Телефон на столе звякает, полковник снимает трубку.

— Да… Пусть зайдёт сам. Нет, мать не вызывайте, у неё сердце. Сначала поговорю с мальчишкой… Завтра в девять.

Он кладёт трубку и делает пометку на маленьком листке. Ни фамилии, ни сути разговора я не узнаю, но кому-то неизвестному только что оставили ещё одну ночь без семейной беды.

— В парке вы сегодня вмешались в подход к Аникину, — говорит Гурьев.

Я не спрашиваю, откуда знает, потому что подобные вопросы — его территория.

— Поздно вмешался бы — пришлось бы вытаскивать его вместе с крючком, — отвечаю на его вопрос.

— Рано вмешались — спугнули человека, которого можно было вести. Ковальчук сейчас выражается по этому поводу. Мысленно, надеюсь, потому что язва.

— Аникин не приманка, — отвечаю я.

Гурьев смотрит на меня внимательнее.

— Хороший ответ. Не служебный.

— Другого у меня нет, — пожимаю я плечами.

— Есть всегда. Служба тем и удобна, что под каждую подлость заранее приготовлена разумная формулировка, — уверен полковник.

— Журнал Аникин принёс Ковальчуку сам, — продолжает полковник. — Рассказал всё. Отзывать пока не будем. Завтра машинистка Нина ведёт его в кино. Билеты уже купила неделю назад, только позвать не решалась. Ковальчук решил, что это тоже контрразведывательное мероприятие.

— А герр Бернер? — становится интересно мне.

— Герр Бернер сегодня уедет в Лейпциг и больше не вспомнит этот парк. По крайней мере под своим именем.

Гурьев придвигает мою папку к краю стола, но руки с неё не убирает.

— Вы умеете видеть чужую слабость, Соболев. Сегодня увидели одиночество Аникина. Вчера — тщеславие Мазура.
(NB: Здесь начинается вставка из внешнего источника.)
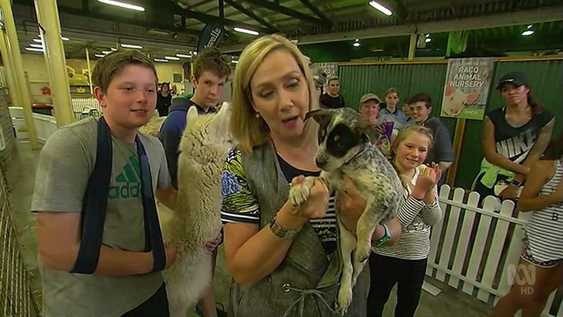 It’s a tradition in Brisbane for Jenny Woodward to present ABC News weather from the animal nursery at the Ekka.
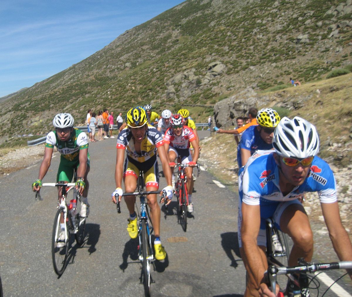 Descenso del boquerón y esta vez parece que por lo menos llego bien colocado al odioso Mediano, pero nada. al quitar plato se me sale la cadena, y gracias que pizarro me empujó que sino pongo pie a tierra, pero ya perdí 20 puestos y entre lo que odio el mediano ya me vine abajo y cuando vi arrancar al Antonio García puff. se me quitaron las ganas de sufrir, subi sin forzar, desmoralizado.. ya en lo mas duro empezé a pasar gente pero es que es un puerto para bikers que no me motiva nada.

Это вообще-то полезное умение, так видеть окружающих вас людей. Опасным оно становится, когда человек начинает считать, что только он один всё видит.

— Учту, товарищ полковник, — с серьезным видом отвечаю я.

— Не надо учитывать. Надо иногда оглядываться.

Он возвращает папку в ящик и поворачивает ключ.